Okay - processes that are hung due to I/O on GFS2 filesystem all have
a similar call stack:

=======================
ls D C981824A 2928 11112 11000 (NOTLB)
e3065e48 00200086 f8cc4b9d c981824a 00008773 f5126a80 00000008 f5876550
c20e7550 c990b3d9 00008773 000f318f 00000001 f587665c c20049e0 00000044
f8c4b10b f5327ac0 f8c4b83e ffffffff 00000000 00000000 e3065e74 00000000
Call Trace:
[<f8cc4b9d>] put_rsb+0x27/0x36 [dlm]
[<f8c4b10b>] gdlm_ast+0x0/0x2 [lock_dlm]
[<f8c4b83e>] gdlm_bast+0x0/0x76 [lock_dlm]
[<f8d21c99>] just_schedule+0x5/0x8 [gfs2]
[<c0604d68>] __wait_on_bit+0x33/0x58
[<f8d21c94>] just_schedule+0x0/0x8 [gfs2]
[<f8d21c94>] just_schedule+0x0/0x8 [gfs2]
[<c0604def>] out_of_line_wait_on_bit+0x62/0x6a
[<c0436076>] wake_bit_function+0x0/0x3c
[<f8d21c90>] wait_on_holder+0x27/0x2b [gfs2]
[<f8d22e32>] glock_wait_internal+0xdb/0x1ec [gfs2]
[<f8d230b1>] gfs2_glock_nq+0x16e/0x18e [gfs2]
[<f8d24177>] gfs2_glock_nq_atime+0x164/0x2de [gfs2]
[<f8d2b7dd>] gfs2_readdir+0x47/0x8b [gfs2]
[<c047f754>] filldir64+0x0/0xc5
[<f8d2416f>] gfs2_glock_nq_atime+0x15c/0x2de [gfs2]
[<c047f935>] vfs_readdir+0x63/0x8d
[<c047f754>] filldir64+0x0/0xc5
[<c047f9c2>] sys_getdents64+0x63/0xa5
[<c0404eff>] syscall_call+0x7/0xb
=======================
python D 2A0CCE0D 1676 10551 10175 (NOTLB)
f468fd7c 00000082 00000096 2a0cce0d 00000828 00000001 00000009 f5023550
c20e7550 2a0ce9ae 00000828 00001ba1 00000001 f502365c c20049e0 f40af2c4
f8cc4b9d 00000000 f40af2c0 ffffffff 00000000 00000000 f468fda8 00000000
Call Trace:
[<f8cc4b9d>] put_rsb+0x27/0x36 [dlm]
[<f8d21c99>] just_schedule+0x5/0x8 [gfs2]
[<c0604d68>] __wait_on_bit+0x33/0x58
[<f8d21c94>] just_schedule+0x0/0x8 [gfs2]
[<f8d21c94>] just_schedule+0x0/0x8 [gfs2]
[<c0604def>] out_of_line_wait_on_bit+0x62/0x6a
[<c0436076>] wake_bit_function+0x0/0x3c
[<f8d21c90>] wait_on_holder+0x27/0x2b [gfs2]
[<f8d22e32>] glock_wait_internal+0xdb/0x1ec [gfs2]
[<f8d230b1>] gfs2_glock_nq+0x16e/0x18e [gfs2]
[<f8d2e911>] gfs2_permission+0x69/0xb4 [gfs2]
[<f8d2e90a>] gfs2_permission+0x62/0xb4 [gfs2]
[<f8d2e8a8>] gfs2_permission+0x0/0xb4 [gfs2]
[<c047b557>] permission+0x78/0xb5
[<c047c9c0>] __link_path_walk+0x141/0xd33
[<f8d23322>] gfs2_glock_dq+0x9e/0xb2 [gfs2]
[<c048d67a>] __mark_inode_dirty+0x13d/0x14f
[<c047d5fb>] link_path_walk+0x49/0xbd
[<c044ae04>] audit_syscall_entry+0x11c/0x14e
[<c047d9c8>] do_path_lookup+0x20e/0x25e
[<c047ded5>] sys_mkdirat+0x36/0xb6
[<c044ae04>] audit_syscall_entry+0x11c/0x14e
[<c047df64>] sys_mkdir+0xf/0x13
[<c0404eff>] syscall_call+0x7/0xb
=======================

I've got dumps of the glocks from debugfs, but I'm not really familiar
enough to GFS to understand what I'm reading.
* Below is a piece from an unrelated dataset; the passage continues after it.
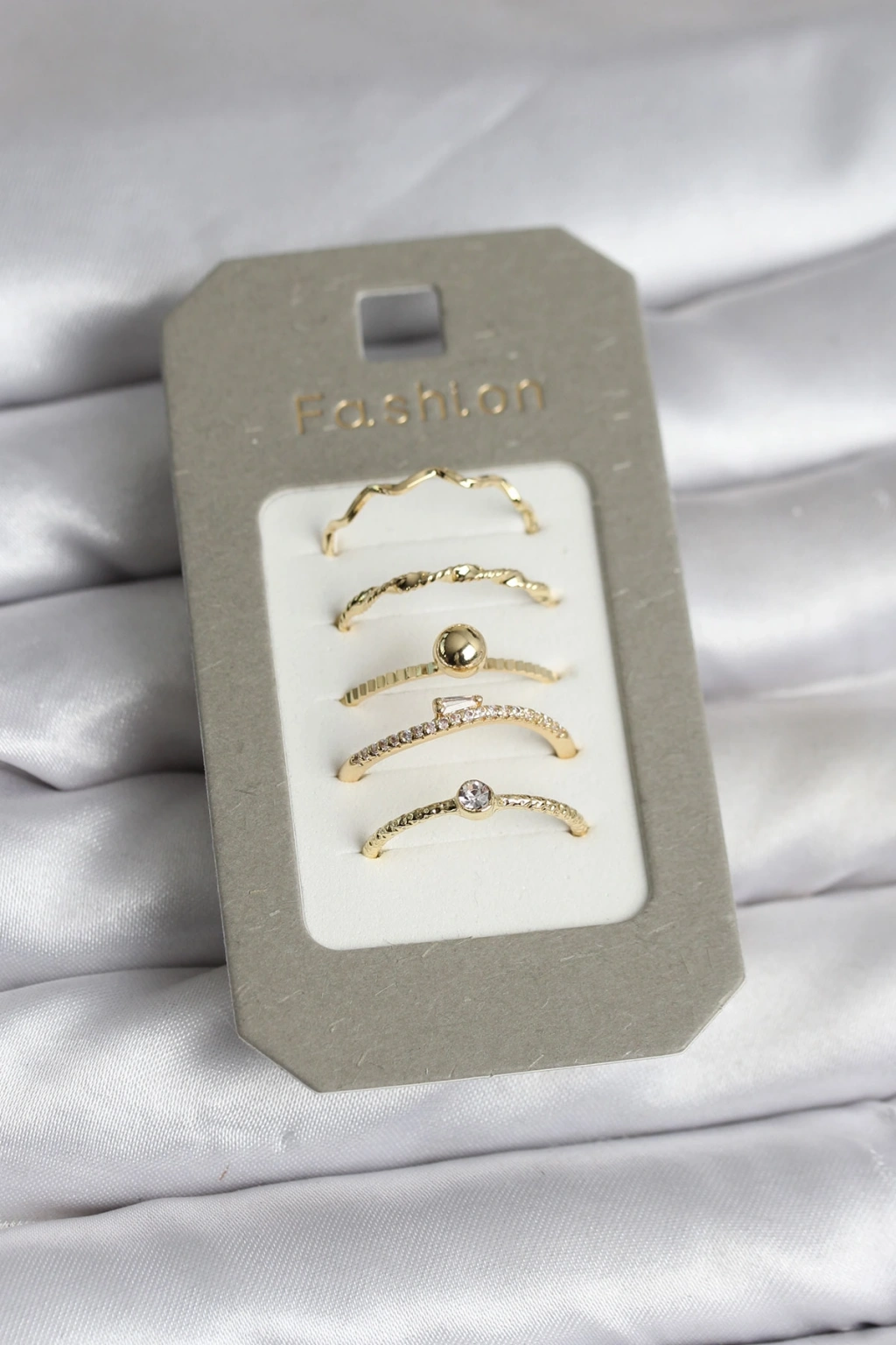 Pirinç Gold Renk 5'li Yüzük Seti

I tried to file a bug
in RH Bugzilla, but am getting 503 errors. I've posted the glock
dumps here:

http://kallisti.us/~ross/working-glocks
http://kallisti.us/~ross/broken-glocks

Can you point me in the direction of a document that explains what
the various things in the output mean?